**EXTRACTED DATA**
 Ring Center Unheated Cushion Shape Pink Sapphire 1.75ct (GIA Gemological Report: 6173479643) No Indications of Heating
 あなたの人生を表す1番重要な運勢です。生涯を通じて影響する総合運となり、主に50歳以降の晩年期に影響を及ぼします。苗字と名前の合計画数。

==

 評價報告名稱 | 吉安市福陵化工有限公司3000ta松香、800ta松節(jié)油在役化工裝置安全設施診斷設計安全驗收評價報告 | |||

**WORK TO BE COMPLETED**
Exact duplication is required for the lines above, from the line that contains "Ring Center Unheated" to the line that contains "あなたの人生を表す1番重要な", inclusive; omit all others.

**EXERCISE RESPONSE**
 Ring Center Unheated Cushion Shape Pink Sapphire 1.75ct (GIA Gemological Report: 6173479643) No Indications of Heating
 あなたの人生を表す1番重要な運勢です。生涯を通じて影響する総合運となり、主に50歳以降の晩年期に影響を及ぼします。苗字と名前の合計画数。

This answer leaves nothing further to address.